Contadini sfrattati, la Diocesi non si pente

Don Davanzo (Sostentamento clero): «Eseguiamo la decisione del giudice»

Don Roberto Davanzo, lei è presidente dell'Istituto per il sostentamento del clero. Davvero volete sfrattare una famiglia di anziani contadini?

«Io sono lì da pochi mesi ma mi avevano aggiornato che c'era un contenzioso aperto da anni, perché la questione risale al 2010. È l'ultimo anello di una catena di fatica relazionale iniziata da lunghi anni. Tutto lo spazio per una negoziazione ci sarebbe stato...».

Parla al passato, vuol dire che non trovate alternative?

«Non dobbiamo considerare solo l'ultimo anello della relazione. Il signor Verga non si è mai fatto sentire per una negoziazione dal nuovo direttore della Consulta, che è lì dal 2015, abbiamo anche ricevuto una lettera del suo avvocato non firmata dal legale. Sono venuti da me con un sacerdote amico per chiedere una mediazione ma non ho potuto che rimandarli alla società Consulta, che si occupa delle questioni tecniche».

Forse, da persone in difficoltà, hanno preferito scrivere al cardinale Scola e sono venute a trovare lei, un sacerdote...

«Si tratta di faccende tecniche, come poteva risolverle il cardinale? Quando il contratto è scaduto, abbiamo fatto una proposta che loro hanno considerato inaccettabile. Lo sfratto è arrivato dopo sette anni di incomprensioni».

La Diocesi propone un affitto doppio rispetto a quello praticato dal Comune.

«Ma nel nostro caso c'è anche la cascina, non solo i terreni, e quest'azienda ora paga un'indennità di occupazione. Dopo sette anni di muro di gomma, che fai? vai dal giudice. E io prendo atto di una decisione del giudice».

Come intendete utilizzare la cascina e i terreni da cui volete sfrattare gli agricoltori?

«Si cercherà un altro conduttore».

Ma davvero la Chiesa è decisa a sfrattare una famiglia di agricoltori con due persone ottantenni?

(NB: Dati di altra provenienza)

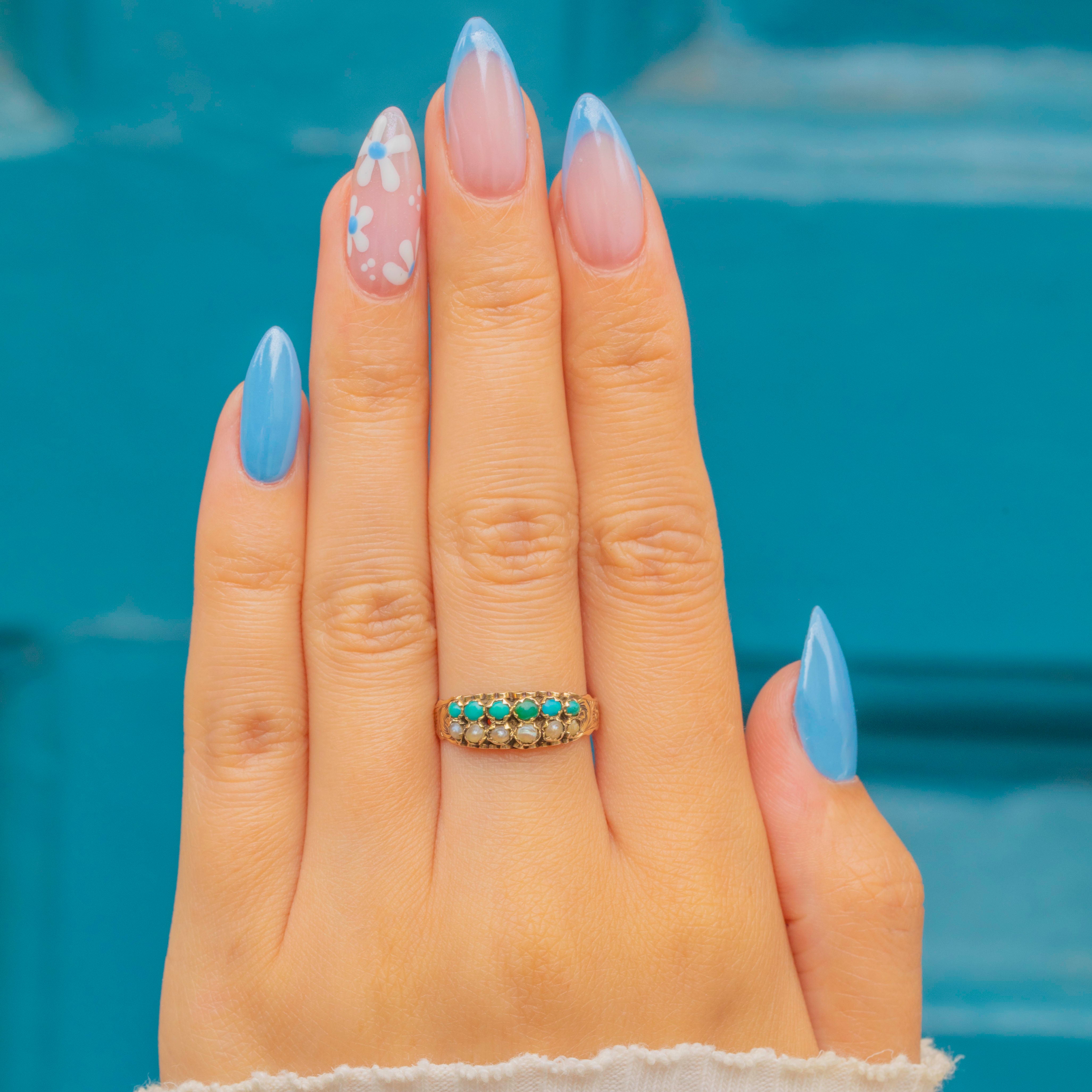 Hallmarked to 1876 with a Birmingham Anchor, this ring has an engraved band and a double row of Turquoise and Pearls.

«La responsabilità è del figlio che non ha voluto prendere in considerazione che il rapporto commerciale va onorato. Dopo sette anni, se siamo arrivati a questo punto, la responsabilità è dell'inquilino. Non ha usato bene i terreni, non hanno ristrutturato».

Senza giudicare l'aspetto imprenditoriale, in una simile situazione familiare, la Chiesa può lavarsene le mani?

«Certo, se si potesse trovare una situazione meno traumatica per queste persone... Si può provare a dire: vi diamo un anno di tempo».

Far trasferire persone ottantenni che vivono nella stessa casa da sessant'anni non significa creare un grave trauma?

«Se dobbiamo intervenire in una prospettiva caritativa, allora

coinvolgiamo la Caritas. Qui siamo in una logica imprenditoriale e se il figlio fa scelte che non tengono conto della situazione dei genitori, non è colpa nostra. Noi dobbiamo tenere rapporti di carattere aziendale».